Capita spesso, nello scrivere le leggi, che si diano risposte semplificate a questioni complesse, con il risultato non solo di non risolvere i problemi ma di peggiorare il quadro preesistente. L’istituzione di “pagelle” per i magistrati, licenziata pochi giorni fa sotto forma di decreto legislativo dal Consiglio dei ministri con l’intento proclamato di migliorare la qualità del servizio-giustizia, rischia di rientrare in tale filone e di costituire l’ennesima operazione di facciata, tanto suggestiva (monitorare il rendimento degli appartenenti a una categoria che non timbra il cartellino) quanto inadeguata. Gli obiettivi perseguiti attraverso la tenuta presso il Csm di un apposito “fascicolo del rendi-mento” per ciascun giudice e pubblico ministero sono tre: verificarne la laboriosità registrando annualmente le statistiche dell’attività svolta; accertare il rispetto dei termini previsti per il compimento degli atti; valutare l’esito finale delle richieste e dei provvedimenti. Sussiste però il concreto pericolo che la fotografia del magistrato restituita dal fascicolo sia parziale e distorta.
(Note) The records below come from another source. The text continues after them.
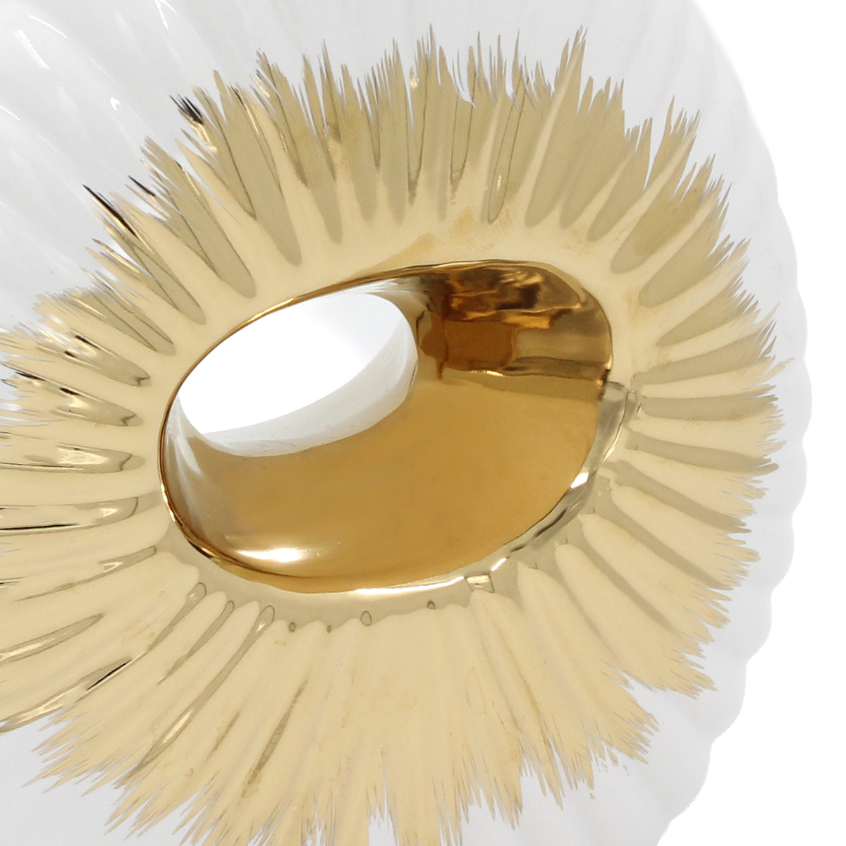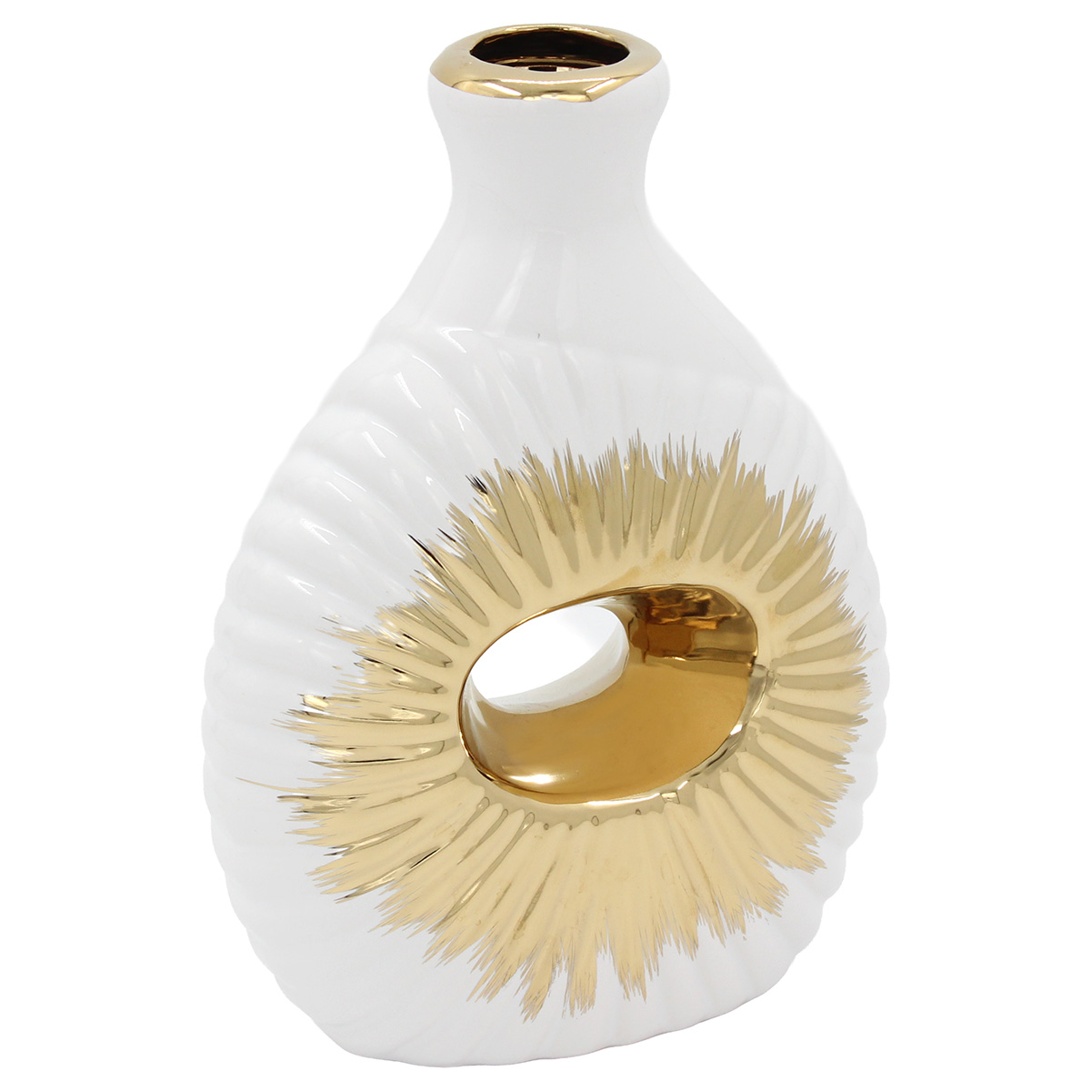 Αυτό το ανθοδοχείο - διακοσμητικό κεραμικό σε λευκό και χρυσό χρώμα 16Χ7Χ22 εκ. δίνει μοντέρνα αίσθηση και λαμπερή λεπτομέρεια. Ταιριάζει υπέροχα σε σαλόνι, τραπεζαρία ή γραφείο.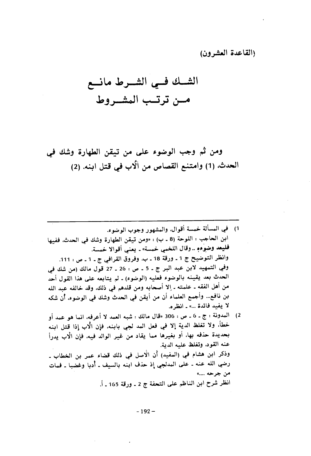 (القاعدة العشرون) الشك في الشرط مانع من ترتب المشروط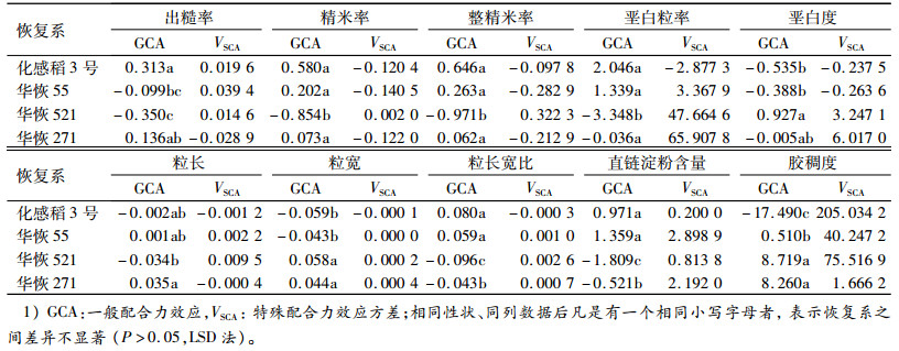 2.3 恢复系的一般配合力效应和特殊配合力效应方差分析从表 3恢复系分析中得出,出糙率、精米率、整精米率等碾磨品质性状的一般配合力正效应最大的是化感稻3号,但是其特殊配合力效应方差在这3个性状中都不大,属于第Ⅱ类亲本,主要利用其一般配合力。碾磨品质最重要性状整精米率的特殊配合力效应方差最大的是华恢521,表明可利用其特殊配合力与特定不育系配出高整精米率的组合。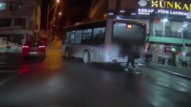 Çevredeki vatandaşların uyarılarına aldırış etmeyen çocuklar, korku dolu anların yaşanmasına neden oldu. Otobüs seyir halindeyken yaşanan tehlikeli yolculuk, olası bir kazaya adeta davetiye çıkardı. O anlar cep telefonu kamerasıyla saniye saniye kaydedildi.
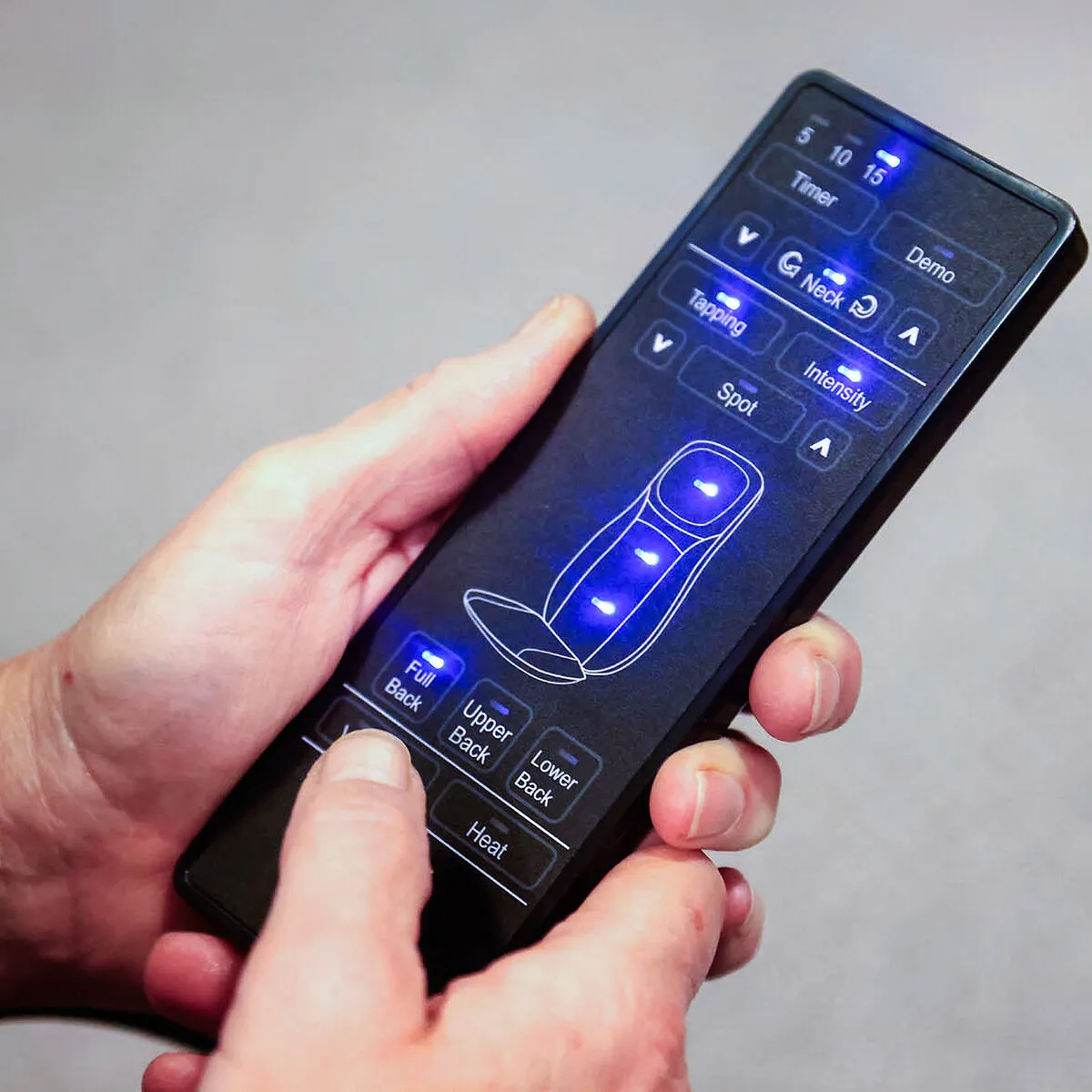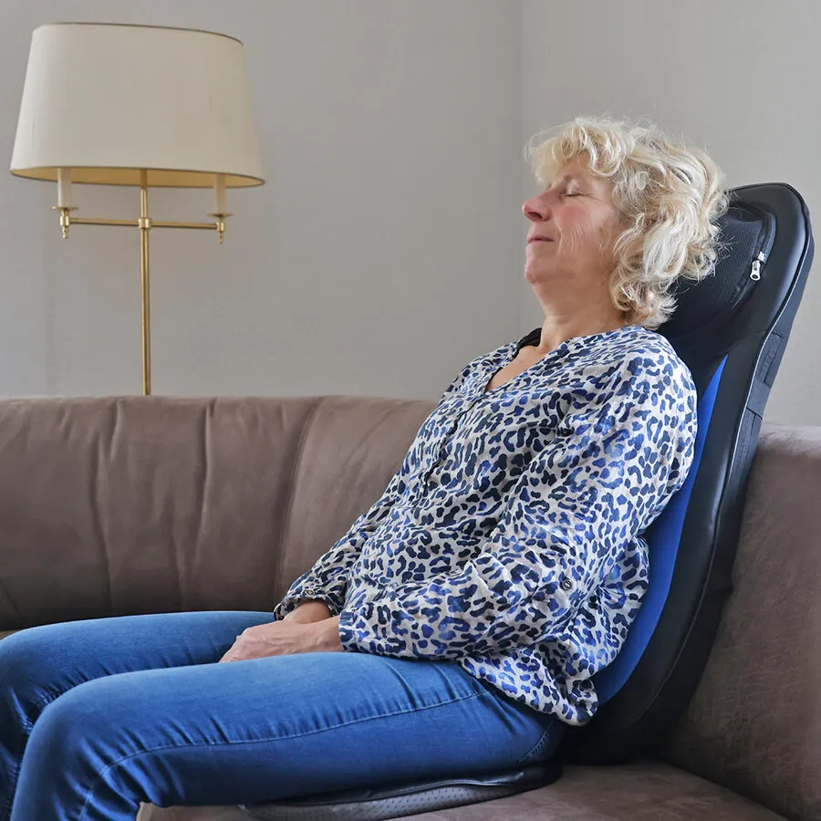 Waar de rugvariant ophoudt, gaat deze door: dezelfde fijne rugmassage, plus een verstelbare nekmassage die je met de afstandsbediening op jouw lengte zet. Rug en nek kun je tegelijk laten masseren.

Anzitutto, il giudizio sulla produttività e sul rispetto dei termini presuppone l’esistenza di una macchina giudiziaria efficiente, dotata di personale amministrativo adeguato che provveda ad effettuare tempestivamente le comunicazioni e le notifiche. Chi frequenta le aule di giustizia sa che così non è. Negli anni si è accumulata una cronica carenza di cancellieri e assistenti che, non solo è una concausa della celebrazione delle udienze in tempi biblici, ma fa sì che molti fascicoli, dopo essere stati istruiti, giacciano negli armadi per tempi irragionevoli. D’altro canto, il freddo dato statistico non rende comunque giustizia, stante l’impossibilità di fare emergere le peculiarità dei procedimenti e dei casi concreti.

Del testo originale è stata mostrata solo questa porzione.